Bongchu Shim

Finger tissue model and blood perfused skin tissue phantom

Measurements of optical properties of fingernail and underlying tissues using OCT are presented. Review and measurements of Raman spectra of tissue and phantom compounds were done. Updating of modeling algorithm for scattering coefficient calculation on the basis of integrating sphere measurements accounting for particle size-distribution was also done. The adequate fingernail and underlying tissue optical model at 830 nm was evaluation. Tissue phantoms potentially suitable for calibration of Raman instrumentation for glucose sensing were designed and tested on the basis of epoxy resin, TiO2-nanoparticles and micron-sized silica particles with the capillary net-work.

The high-quality spectral fingerprint of glucose captured by Raman spectroscopy in non-invasive glucose measurement

Optical spectroscopy has the inherent advantage of directly measuring glucose levels by means of the unique nature of a spectral fingerprint for the target analyte, glucose, which is determined in the form of a calibration spectrum (a product of multivariate analysis method). The literature is replete with claims of successful in-vivo glucose measurements in terms of Clark error grid analysis.

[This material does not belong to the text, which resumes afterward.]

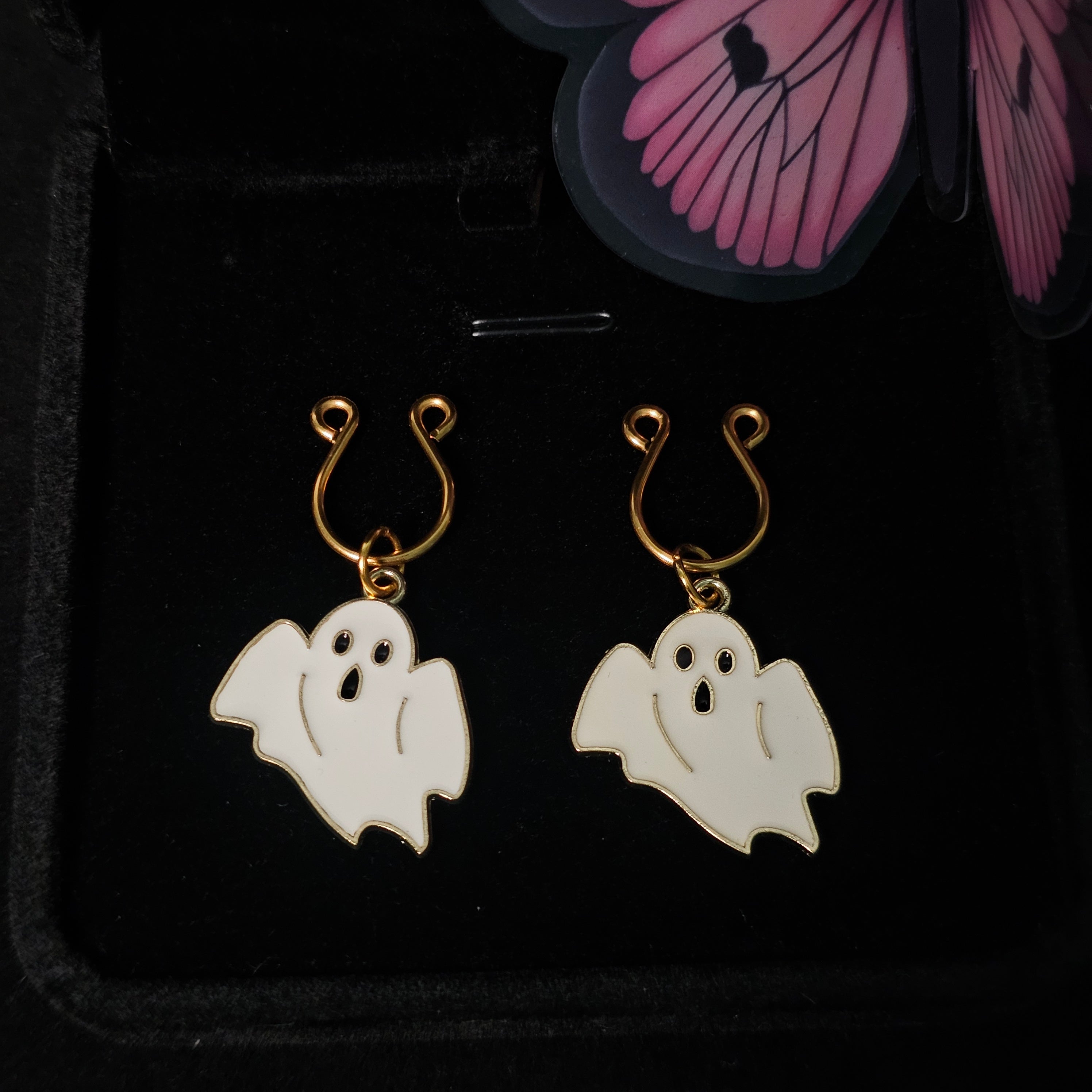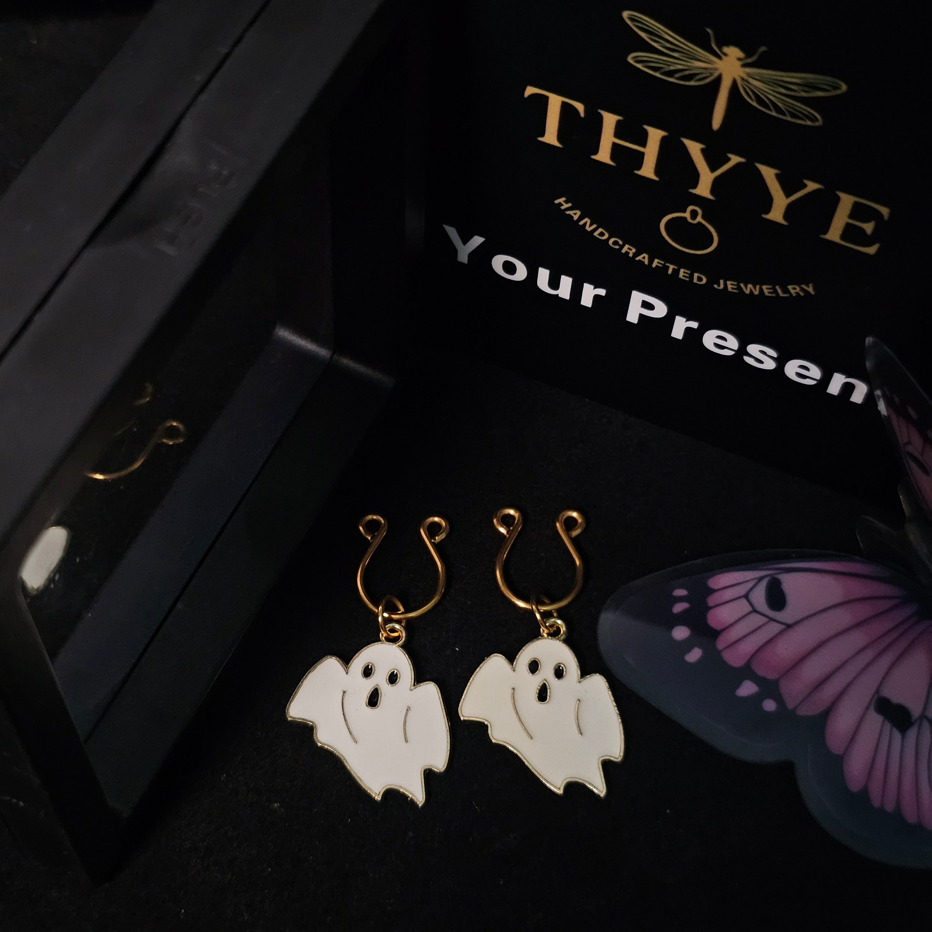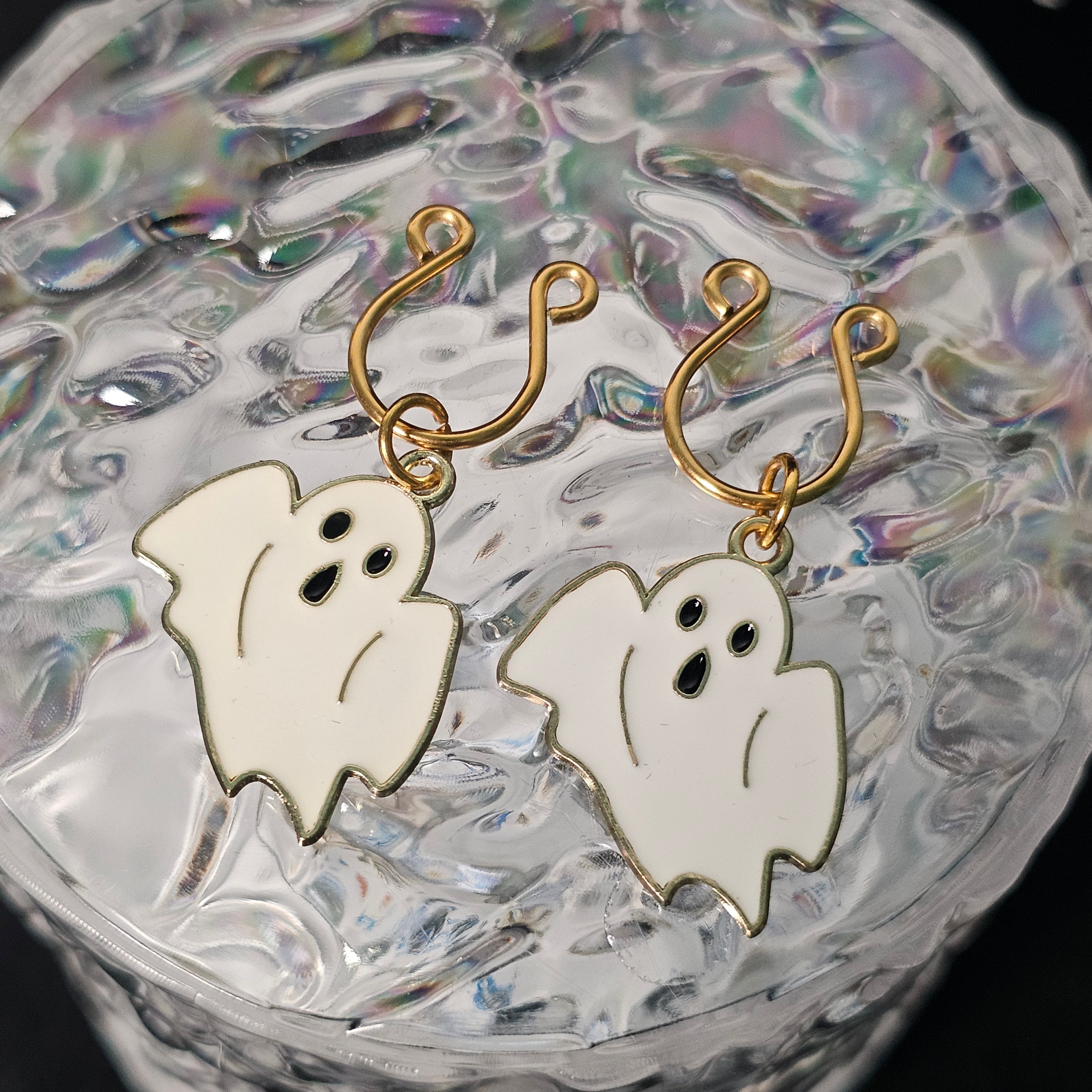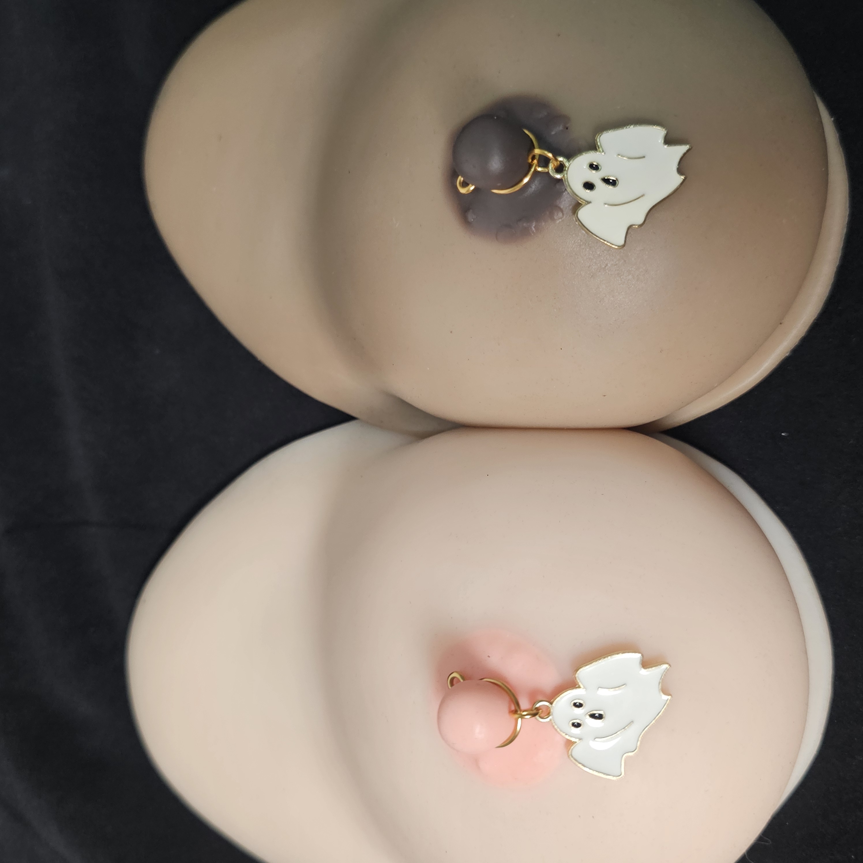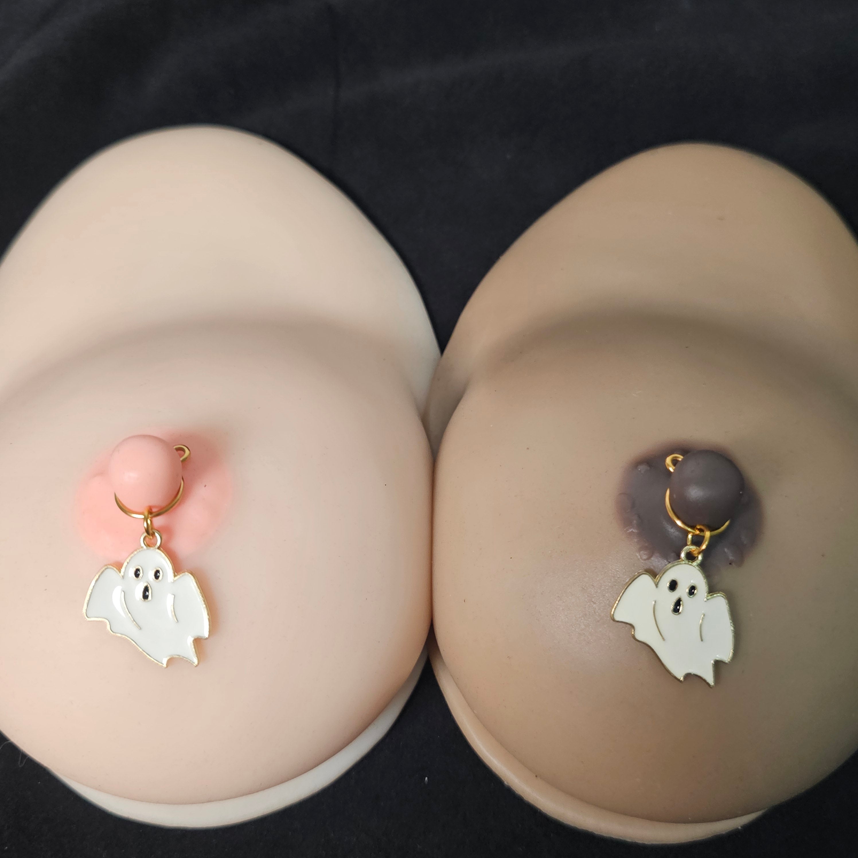 These nipple clamps evoke a unique festive and mystical atmosphere. The horseshoe ring features a dazzling gold electroplating process for a vibrant sheen, exuding elegance and power. The pendant, inspired by a charming white ghost, incorporates fun Halloween elements while maintaining a light and playful style. The adjustable clamps offer flexibility, allowing for easy adjustment to a comfortable grip, ensuring both stability and a comfortable feel. The exquisite details and chain embellishment add a touch of layering. Wear them standalone or complement festive outfits for a bold statement. Whether for a Halloween party, role-playing, or just a fun couple's occasion, these clamps are the perfect finishing touch. More than just an accessory, they're a unique expression of the holiday season.

However, all of them fail to demonstrate an in vivo glucose-specific calibration spectrum. In this study we use Raman spectroscopy to capture a high quality spectral fingerprint of the glucose molecule noninvasively and demonstrate calculated correlation coefficients between a pure glucose spectrum and calibration spectra at over 0.8.

An investigation of the effect of in-vivo interferences on Raman glucose measurements

Raman spectroscopy is a promising technology for noninvasive blood glucose monitoring because of its good selectivity for the glucose molecule. The low sensitivity of the Raman signal however, makes it difficult to quantify the concentration of glucose directly from the Raman spectra. To solve this, statistical methods such as PCA (principle component analysis) and PLS (partial least square) are traditionally used. These statistical methods general work very well and give highly accurate results, provided there is no interference. In the in-vivo case however, there are many interferences such as the inhomogeneity of tissue, physiological changes, and denaturation of the tissue by the light source. This study investigates the affect of in-vivo interferences on Raman glucose measurements. In this study, a high throughput dispersive Raman system was constructed with an 830nm multimode laser, a multiple conductor optical fiber bundle, and a back-illuminated CCD spectrometer. A simply phantom was devised, which was comprised of a plastic cuvette fitted with a human fingernail window and glucose doped human serum used as the sample. To test the inhomogeneity of tissue samples, different sites of the phantom were exposed to the laser. In the case of denaturation, tests were conducted under two laser power densities: low (3.7mW/mm2) and high density (110mW/mm2). To simulate the physiological change, gelatin phantoms of varied concentration were investigated. The results of the study indicate that the dominant interferers for Raman in-vivo glucose measurements are the inhomogeneity of the tissue and the denaturation by the laser power density. The next phase for this study will be the design of a high SNR Raman system which affords a low power density laser sample illumination as well as larger volumetric illumination to mitigate the effects of tissue inhomogeneity.

SIMULATION FOR THE EFFECT OF VARIOUS COMPONENTS IN THE Raman SPECTRA

Raman spectra measured in the finger are a combination of backscattered signals induced from incident light. They contain Raman scattering, intrinsic tissue fluorescence and noise. Our goal of this study is to find perturbing components which are able to prohibit an accurate prediction of target materials and propose a new terminology for the SNR of regression coefficient vector. We assumed that Raman spectra are consist of fluorescent background spectrum (F), Raman spectrum of glucose (Rglucose), Raman spectrum of the skin (Rskin), random noise (RN) and unknown spectrum from other components (Runknown). And we used partial least squares regression (PLSR) to evaluate the main perturbing components under the condition that is various combinations of each signal. In simulation, Rskin is the main component to cause the error between reference and predicted glucose concentration. F is also able to affect accuracy at the low signal to noise ratio (SNR) of glucose signal. To minimize the perturbing effects, enhancement of Rglucose is more important than any other things.